Les dépenses des collectivités locales sont aussi une des causes du déficit de la France. Certaines d’entre elles se sont mises dans des situations invraisemblables à cause des emprunts dits « toxiques».
Bien que souvent dénoncées depuis de nombreuses années par des associations citoyennes, des dépenses souvent inutiles sont effectuées sans réel contrôle ni même contrôle de légalité par la préfecture.
Nous assistons à des dérives qui ne sont pas compensées par des recettes issues de l’impôt qui augmente sans cesse. La plupart du temps les élus rejettent la responsabilité vers l’État au prétexte que ce dernier ne leur permet

plus d’avoir les ressources nécessaires. Bien sûr cette défaillance supposée de l’État est loin d’être démontrée.
La chambre régionale des comptes ne dispose pas des moyens nécessaires pour empêcher les dépenses inconsidérées tout au plus peut-elle les dénoncer une fois que ces dernières ont été réalisées ou gravement engagées. Pour limiter la casse, l’État prévoit dans sa loi de finance des seuils à ne pas dépasser. Ce dispositif est nettement insuffisant puisque les collectivités locales sont gravement endettées et mal endettées.
Alors pourquoi ne pas prévoir de par la loi une « commission locale de contrôle des dépenses publiques » ?
- Son rôle serait de valider ou non les dépenses votées par les collectivités locales telles que : grands travaux, subventions… En d’autres termes, faire de la prévention et être un rempart pour les élus qui sont soumis le plus souvent à des pressions électoralistes.

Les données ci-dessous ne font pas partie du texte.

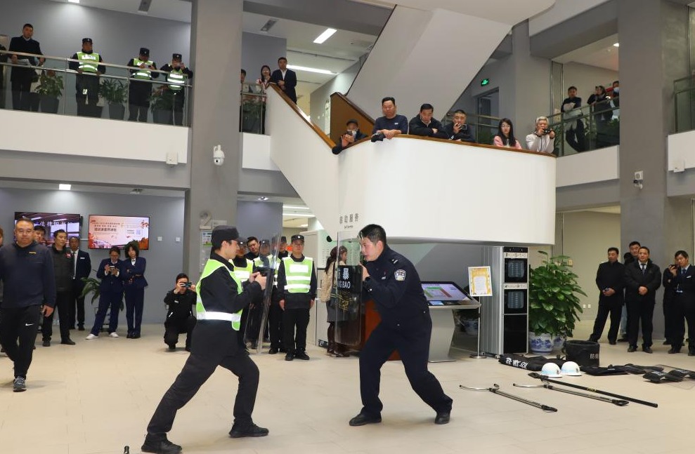 左立峰参与常用防暴器材使用方法实操环节教学,指导现场安保人员针对突发事件应对处置和紧急避险进行实操演练。

- Cette commission pourrait être composée de membres désignés par le préfet sur appel de candidatures. Pour être désigné, le candidat devrait être non-inscrit dans un parti politique, s’engager à ne pas solliciter de suffrage effectif dans les 10 ans, soumis à l’impôt, membre de la société civile non fonctionnaire, et bénévole.
- Cette commission siégerait à huis clos sous le contrôle de la chambre régionale des comptes.
Jean Paul Gautier, Association des contribuables de l’intercommunalité d’Aubagne. Source le CRI
1 commentaire
Morio a dit :
22 novembre 2011 à 14 h 57 min (UTC 0 )
peut-être une goutte d’eau mais…..
je cite:
« La couleur bleue va progressivement changer pour le jaune, pour être en homogénéité avec 85 % des autres villes françaises qui trient leurs emballages. Une phase transitoire verra le bleu et le jaune cohabiter, les déchets a y jeter eux ne changent pas. »
QUEL est le coût de cette opération?